### Task instructions
Don't include any picture when you restate the data word for word.

### The data
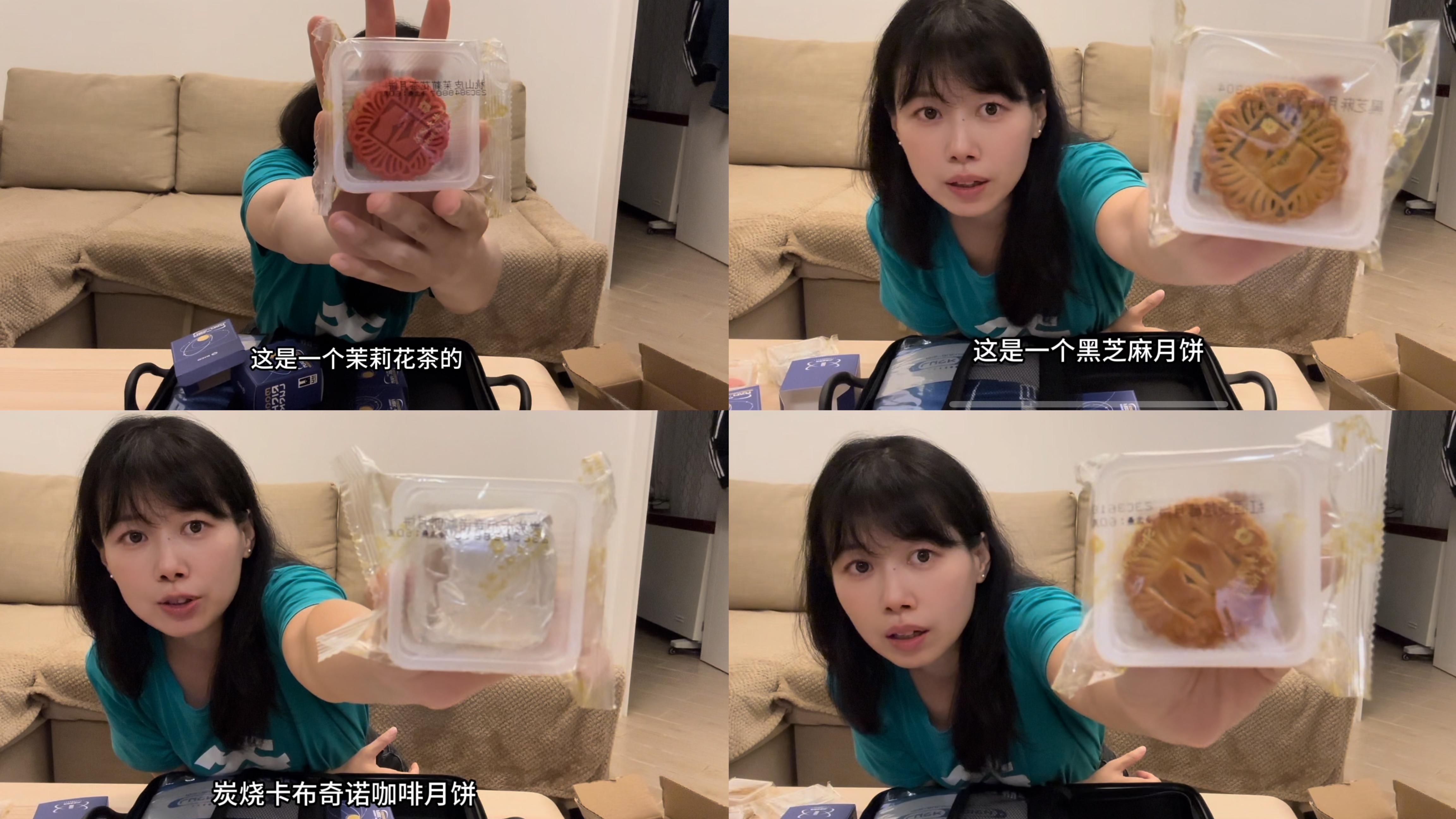 - 四种口味的月饼(茉莉花茶、黑芝麻、炭烧卡布奇诺咖啡、红酒蔓越莓)。
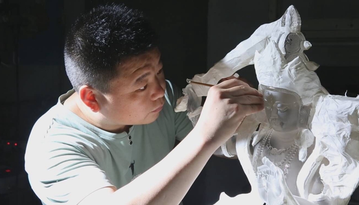 正在精雕細琢中的水晶工藝品
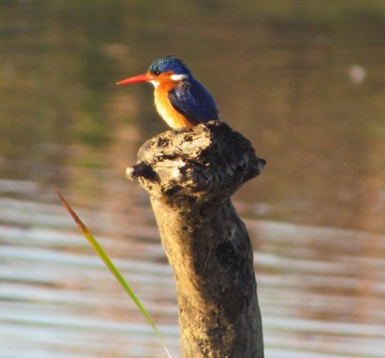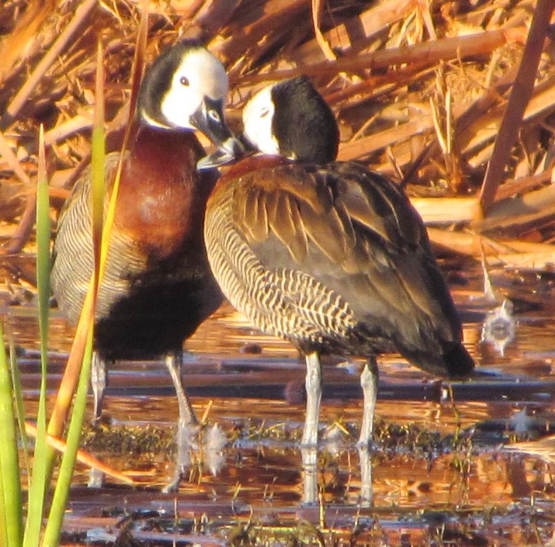 On Saturday night Evelyn called and asked if I’d introduce then to Rondevlei.  I needed no persuading although they wanted a very earl start to get the ‘soft light’.    I managed to convince them that leaving at 6:30 in winter was a tad too early so we set off at 7 and arrived at Rondvlei to the stillest morning and perfect conditions.  We were the first people to arrive and didn’t see another soul for two hours.   The activity in the hide was spectacular.  Yellow-billed ducks, white faced ducks, Cape Shovellor and Little Grebes which I prefer to call dabchicks, were swimming and fishing and interacting with each other.  Spurwinged geese arrived on the scene and a purple swamphen strode across the opposite bank in full view and showing his iridescent colours but was disappointingly too far for good photographers.  “I’ve seen him right here in those reeds,” I said pointing to the area on the left.  The words were no sooner out my mouth when Evelyn said, “Look – there’s one here now!’  The cameras clicked excitedly as he preened and posed and looked at his reflection in the water.  A little malachite kingfisher also dropped by and perched on a stick before flying into nearby dry reeds.   So much was happening and my friends with their state of the art canons were loathe to leave to explore the other hides.  I left them to it and did a quick reccie to see if it would be worth getting them to move on – definitely it wasn’t!.  On my return I bumped into two bird club members who joined us in the hide.   Then the wind got up and it became extremely cold an unpleasant.  We packed up and went to the car for hot coffee and rolls and then I suggested SIBA and met with nil resistance.  It was a good move as in spite of the wind the birds were out in their droves.    But the flamingos were conspicuous by their absence.  Usually they’re on almost every pond and last time they were flying around all the time.   “Perhaps they’d were leaving and haven’t returned.”   But then we found them – all on one pond in a large flock of a few hundred.  K and E were over the moon and took some wonderful photies.  I was freezing in spite of reasonable insulation but K and E seemed oblivious to the icy blast that blew in when the Caravelle windows and doors were open and were happy to brave the elements outdoors too.   “Its all worth it for a good photograph.”  And good photographs we all got.  Keith was impressed with what my Canon Powershot SX30IS can do.  He is even considering getting one for Evelyn.
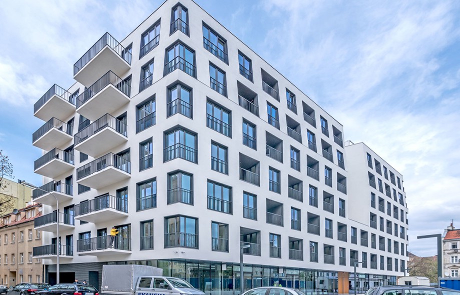 Inwestycja Księcia Witolda oferuje 70 mieszkań rozmieszczonych na 6 piętrach, podziemne miejsca parkingowe i lokale usługowe na parterze.
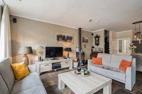 een sfeervolle woonkamer met aansluiting voor een houtkachel, een moderne keuken met alle gemakken en een heerlijke serre waar je het hele jaar door van de tuin kunt genieten.
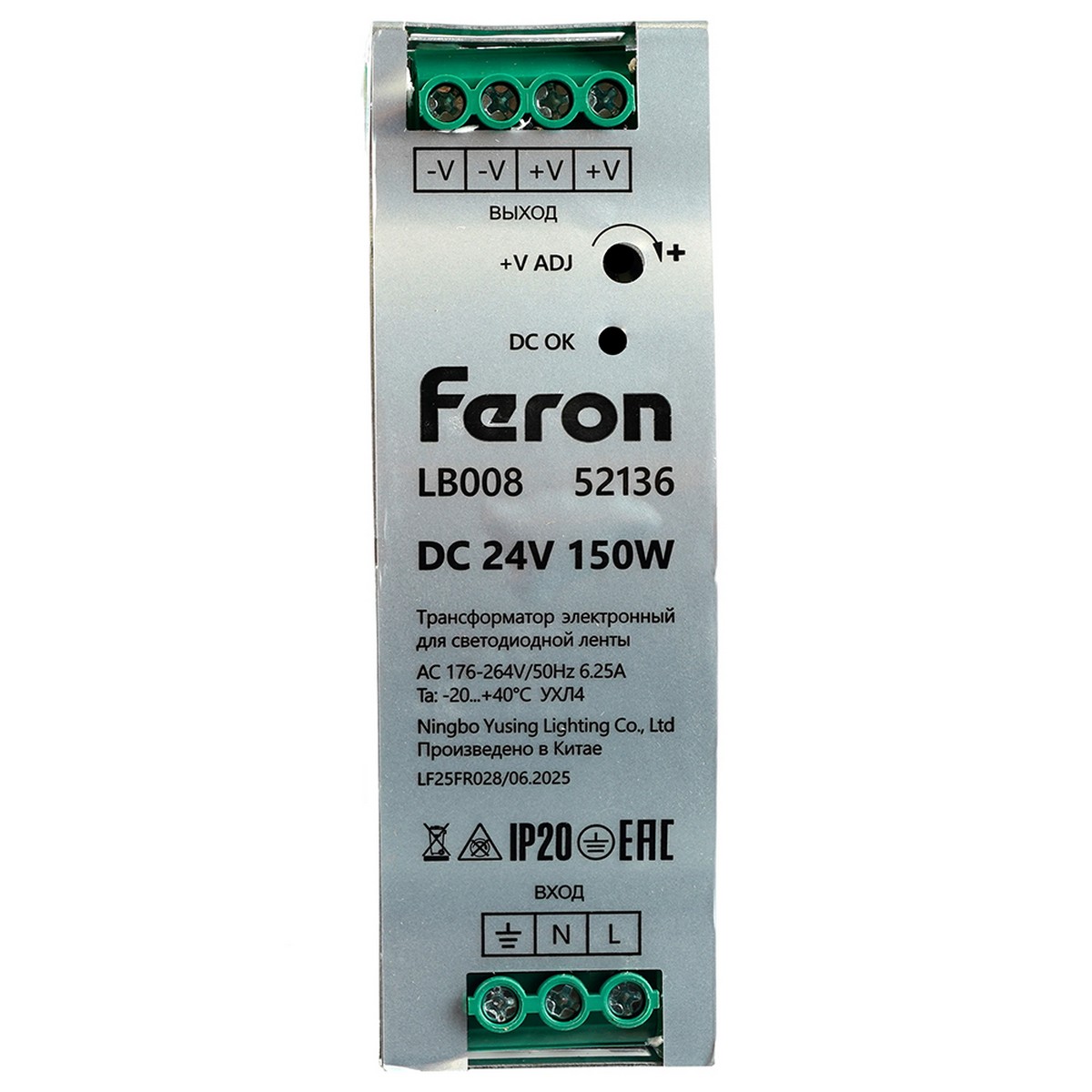 Трансформатор Feron LB008 для светодиодной ленты на DIN-рейку 150W 24V 40*125.5*113мм IP20 52136 по цене 3 242 руб. с фотографией и техническими характеристиками. Для покупки товара нажмите кнопку "Купить" и перейдите в корзину или позвоните по телефону 8 (495) 585 32 60 или 8 (800) 222 23 53.
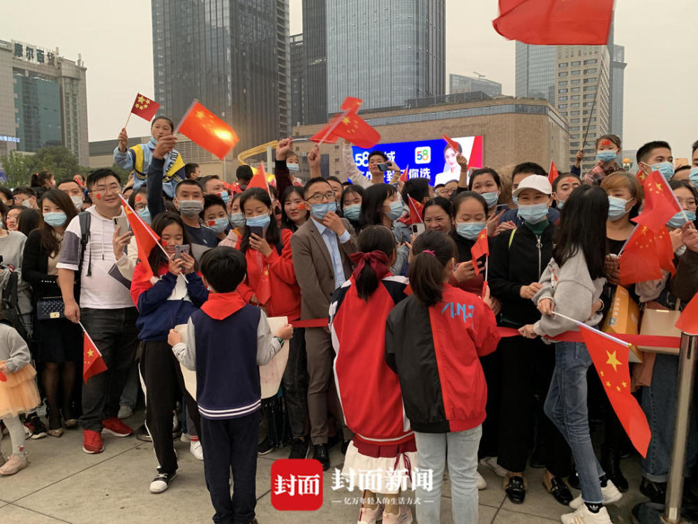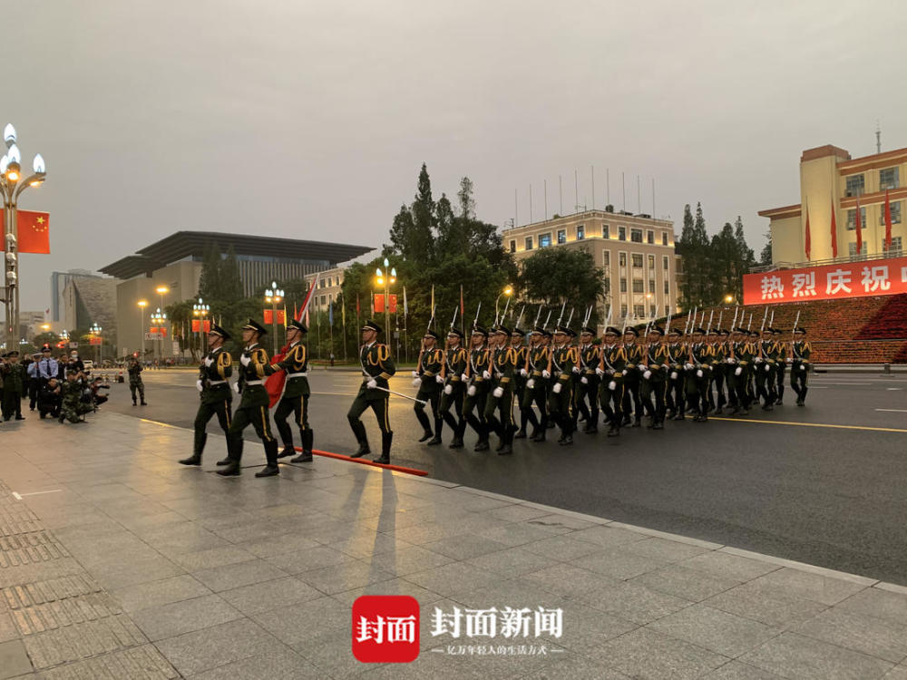 2020年10月1日上午6点57分,朦胧细雨中,成都天府广场上,观众们翘首等待升旗仪式的开始。
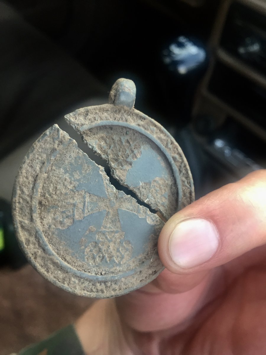 Находки есть, это не может не радовать. Копал в этом году всего 2 раза и второй выезд вообще с нулевым результатом. Хотя копаю лет 10. Зато встретился со старыми корабельными товарищами. Вот находка одного из них.

### Solution to the problem
 - 四种口味的月饼(茉莉花茶、黑芝麻、炭烧卡布奇诺咖啡、红酒蔓越莓)。
 正在精雕細琢中的水晶工藝品
 On Saturday night Evelyn called and asked if I’d introduce then to Rondevlei.  I needed no persuading although they wanted a very earl start to get the ‘soft light’.    I managed to convince them that leaving at 6:30 in winter was a tad too early so we set off at 7 and arrived at Rondvlei to the stillest morning and perfect conditions.  We were the first people to arrive and didn’t see another soul for two hours.   The activity in the hide was spectacular.  Yellow-billed ducks, white faced ducks, Cape Shovellor and Little Grebes which I prefer to call dabchicks, were swimming and fishing and interacting with each other.  Spurwinged geese arrived on the scene and a purple swamphen strode across the opposite bank in full view and showing his iridescent colours but was disappointingly too far for good photographers.  “I’ve seen him right here in those reeds,” I said pointing to the area on the left.  The words were no sooner out my mouth when Evelyn said, “Look – there’s one here now!’  The cameras clicked excitedly as he preened and posed and looked at his reflection in the water.  A little malachite kingfisher also dropped by and perched on a stick before flying into nearby dry reeds.   So much was happening and my friends with their state of the art canons were loathe to leave to explore the other hides.  I left them to it and did a quick reccie to see if it would be worth getting them to move on – definitely it wasn’t!.  On my return I bumped into two bird club members who joined us in the hide.   Then the wind got up and it became extremely cold an unpleasant.  We packed up and went to the car for hot coffee and rolls and then I suggested SIBA and met with nil resistance.  It was a good move as in spite of the wind the birds were out in their droves.    But the flamingos were conspicuous by their absence.  Usually they’re on almost every pond and last time they were flying around all the time.   “Perhaps they’d were leaving and haven’t returned.”   But then we found them – all on one pond in a large flock of a few hundred.  K and E were over the moon and took some wonderful photies.  I was freezing in spite of reasonable insulation but K and E seemed oblivious to the icy blast that blew in when the Caravelle windows and doors were open and were happy to brave the elements outdoors too.   “Its all worth it for a good photograph.”  And good photographs we all got.  Keith was impressed with what my Canon Powershot SX30IS can do.  He is even considering getting one for Evelyn.
 Inwestycja Księcia Witolda oferuje 70 mieszkań rozmieszczonych na 6 piętrach, podziemne miejsca parkingowe i lokale usługowe na parterze.
 een sfeervolle woonkamer met aansluiting voor een houtkachel, een moderne keuken met alle gemakken en een heerlijke serre waar je het hele jaar door van de tuin kunt genieten.
 Трансформатор Feron LB008 для светодиодной ленты на DIN-рейку 150W 24V 40*125.5*113мм IP20 52136 по цене 3 242 руб. с фотографией и техническими характеристиками. Для покупки товара нажмите кнопку "Купить" и перейдите в корзину или позвоните по телефону 8 (495) 585 32 60 или 8 (800) 222 23 53.
 2020年10月1日上午6点57分,朦胧细雨中,成都天府广场上,观众们翘首等待升旗仪式的开始。
 Находки есть, это не может не радовать. Копал в этом году всего 2 раза и второй выезд вообще с нулевым результатом. Хотя копаю лет 10. Зато встретился со старыми корабельными товарищами. Вот находка одного из них.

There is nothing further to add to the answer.